Renato era sul marciapiede della musica già dal 1967, da quando cioè Gianni Boncompagni produsse il suo primo singolo "Non basta sai/In mezzo ai guai" (per inciso, un flop clamoroso). Nonostante avesse preso parte a produzioni di livello, come la versione italiana di Hair e l'opera rock Orfeo 9, Renato continuava a rimanere un personaggio di nicchia. "Trapezio" poco aggiunsero alla sua popolarità. A riascoltarli oggi si ha la sensazione di un what if, ossia di cosa sarebbe stata la carriera di "Trapezio" corredato di testi profondi e tematiche shock che spaziavano dalla pedofilia alla malattia terminale, dall'aborto alla depressione. Ma tant'è, nel 1976 avviene il cambio di rotta.
Ora, mettetevi nei panni di un ragazzo cresciuto in borgata che per 26 anni ha fatto la fame (o quasi): la scelta è se proseguire col glam rock (immagine) e rock cantautoriale (contenuto) rischiando di rimanere ai margini del successo, oppure se scendere a compromessi e dare una virata melodica al proprio repertorio. Renato scelse, dietro pesanti pressioni della stessa Rca, la seconda opzione.
Per coadiuvarlo in una scrittura più tradizionale vengono arruolati Franca Evangelisti per i testi e Piero Pintucci per le musiche. Nel progetto è addirittura coinvolto Mogol. In realtà, come spesso avveniva e ancora avviene, il nome celebre era solo un escamotage per tirare su l'interesse del pubblico. Il cantante trasgressivo che incontra il paroliere di Battisti era di certo uno slogan pubblicitario che incuriosiva, ma, nonostante risulti come co-autore di due brani, Mogol per Renato non scrisse neanche una riga (opportunamente lo stesso Mogol, in tutta la sua carriera, si è guardato bene di accennare alla sua "collaborazione" con Zero). Per rendere ancora più appetibile Trapezio vengono inseriti "No! Mamma, no!", "Metro" e "Inventi", che erano i tre brani più conosciuti dei due dischi precedenti.

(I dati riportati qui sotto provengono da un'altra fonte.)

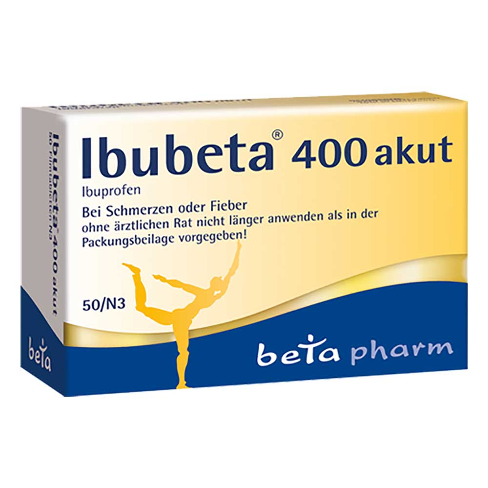 Ibubeta® 400 akut Filmtabletten Wirkstoff: Ibuprofen. Anw.: Leichte bis mäßig starke Schmerzen, wie Kopfschmerzen, Zahnschmerzen, Regelschmerzen und Fieber. Warnh.: Bei Schmerzen oder Fieber ohne ärztlichen Rat nicht länger anwenden als in der Packungsbeilage vorgegeben. Zu Risiken und Nebenwirkungen lesen Sie die Packungsbeilage und fragen Sie Ihre Ärztin, Ihren Arzt oder in Ihrer Apotheke. betapharm Arzneimittel GmbH, 86156 Augsburg. www.betapharm.de
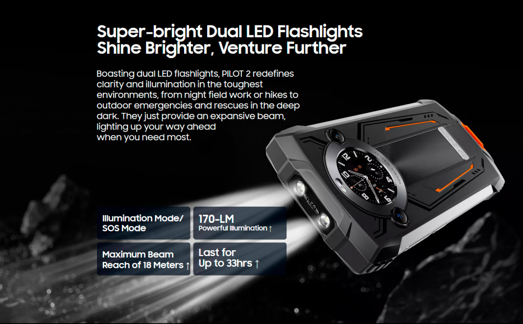 Oscal Pilot 2 має основну камеру на 50 Мп із сенсором Samsung ISOCELL GN5, ультра-ширококутну камеру зі світлодіодним спалахом з яскравістю 170 люмен та дальністю освітлення до 18 метрів. Важить пристрій 368 г та має товщину 17 мм.
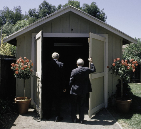 帕卡德(左)和比尔·休利特在1989年的一个仪式上再次参观了他们公司诞生的车库
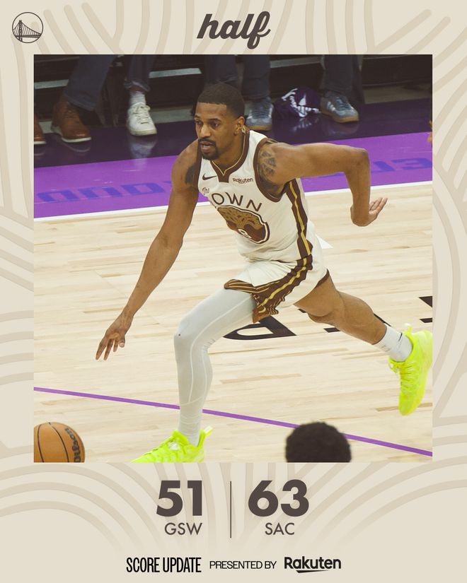 国王队的卡特和克里福德上半场各得到12分,蒙克得到11分;勇士队的梅尔顿得到17分,库里6投1中,只得到3分、2次助攻。
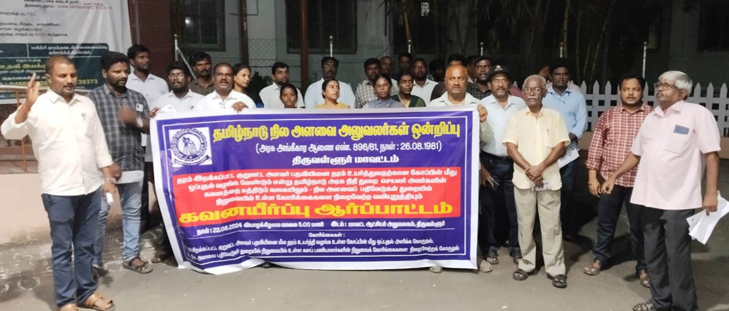 திருவள்ளூரில் தமிழ்நாடு நில அளவை அலுவலர்கள் ஒன்றிப்பு சார்பில் கவன ஈர்ப்பு ஆர்ப்பாட்டம் :
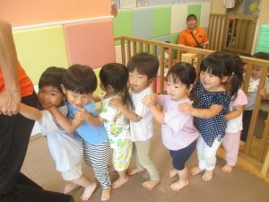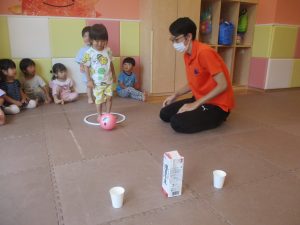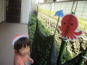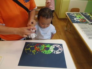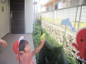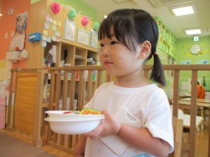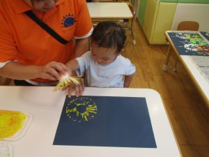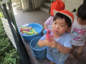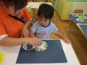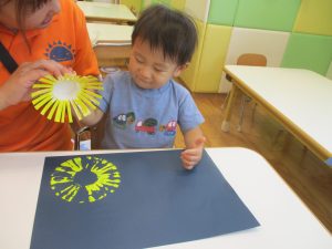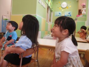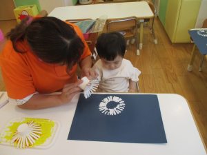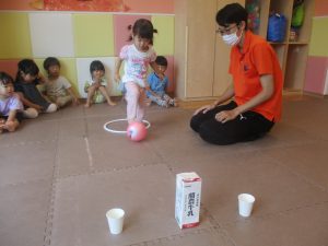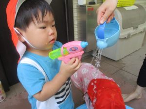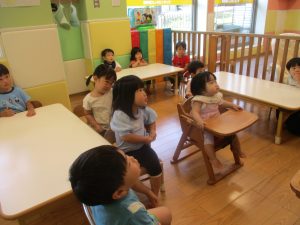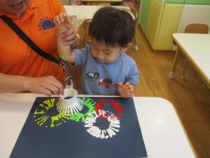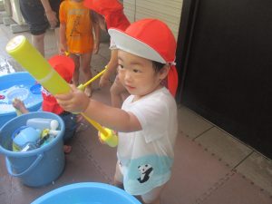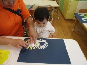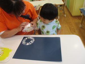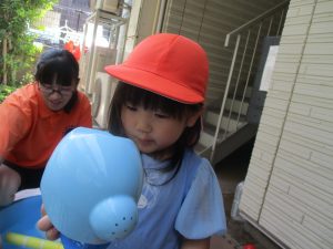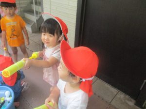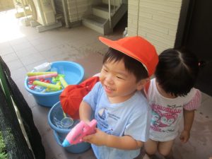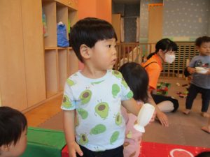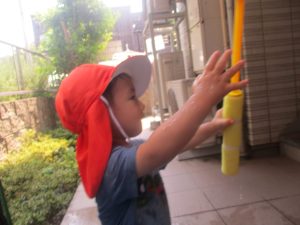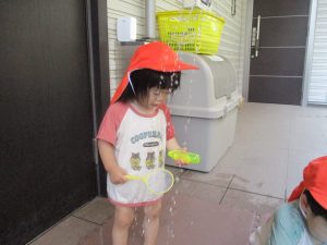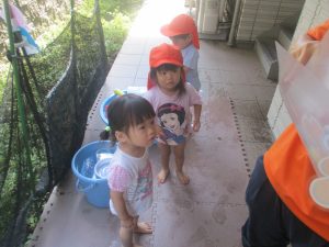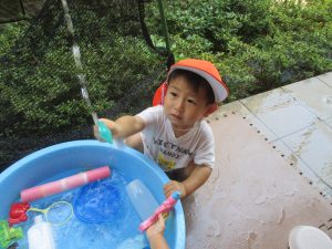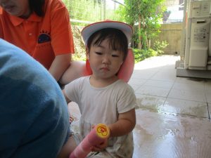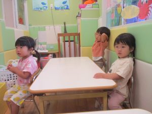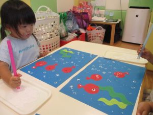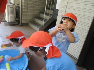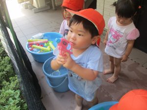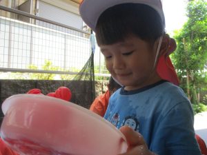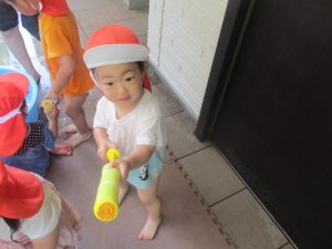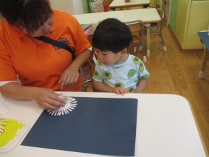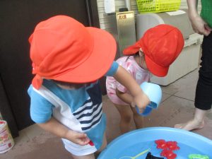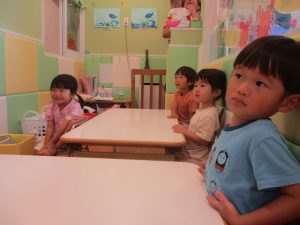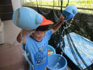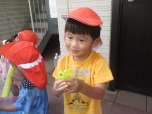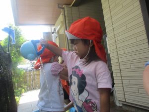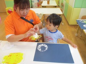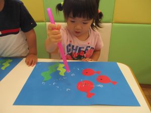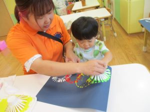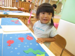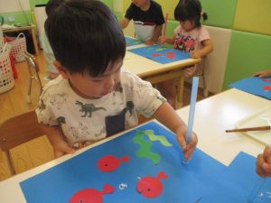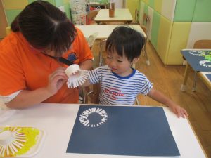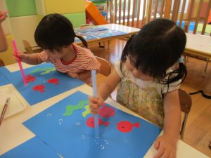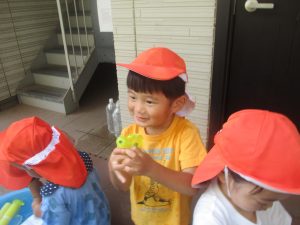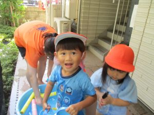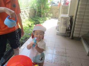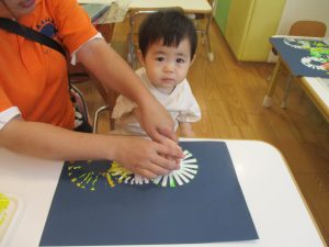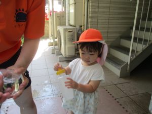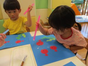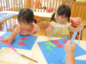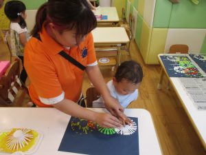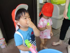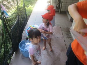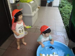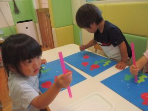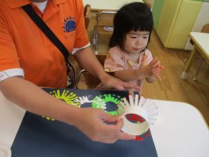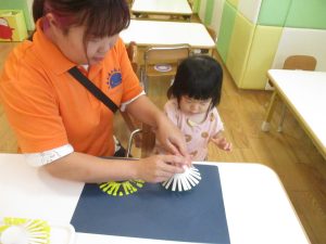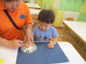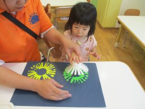日中は室内にて夏の製作を楽しんだり、水遊びを行ないました。

La prima parte dell'album scorre sui binari graffianti del "vecchio" Zero. Si apre con "Il caos", incisiva descrizione di un amore disfatto, cui seguono i tre estratti di "No mamma no" e "Invenzioni". A seguire c'è una delle canzoni più belle di tutto il repertorio zerico, "Una sedia a ruote" che descrive in maniera diretta e toccante i tormenti di un disabile condannato all'immobilità non solo fisica, ma anche dei sentimenti. Con "Una sedia a ruote" si esaurisce il lato rock di "Trapezio" e si entra nella melodia tradizionale, nel pop e nella disco che da allora ne caratterizzerà, nel bene e nel male, la carriera.
Il primo esperimento di canzone scritta in trio con la Evangelisti e Pintucci è "Motel", un classico pezzo d'amore perfettamente riuscito nella sua semplicità, reso ancor più coinvolgente dalle note di piano in crescendo prima dell'inciso. "Scegli adesso oppure mai" e "Un uomo da bruciare" sono i due brani firmati anche da Mogol: il secondo, in particolare, verrà ripreso più volte dal vivo, spesso stravolto nell'arrangiamento (come avverrà nel live "Icaro").
Dopo l'interlocutoria "Hanno arrestato Paperino", arrivano due pezzi da novanta del repertorio zerico. Con "Madame" Renato si avvicina per la prima volta al mondo delle discoteche (dove il brano ebbe una buona circolazione) e conquista il grande pubblico, anche in virtù di alcune apparizioni televisive alquanto scioccanti per i telespettatori dell'epoca. Più che un classico, un superclassico della sua discografia. L'album si conclude con la meravigliosa "Salvami!", nella quale Renato, prima con un sussurro, poi gridando, descrive, attraverso gli occhi di una prostituta, la disperazione per la sua condizione di "diverso", di "borderline", di "alienato", che non trova risposta. "Dici bene questo è il posto mio, non l'ho deciso io. Quando questa strada ha scelto me, chissà dov'era Dio. ". E' la ciliegina sulla torta di un disco che merita le 5 stelle.
Rimane, dentro di me, la domanda su cosa sarebbe stato Renato Zero se si fosse tenuto più vicino al rock cantautoriale, evitando la deriva nazionalpopolare dei tempi recenti. In ogni caso, basta un Renato Zero per fare cento Vasco Rossi.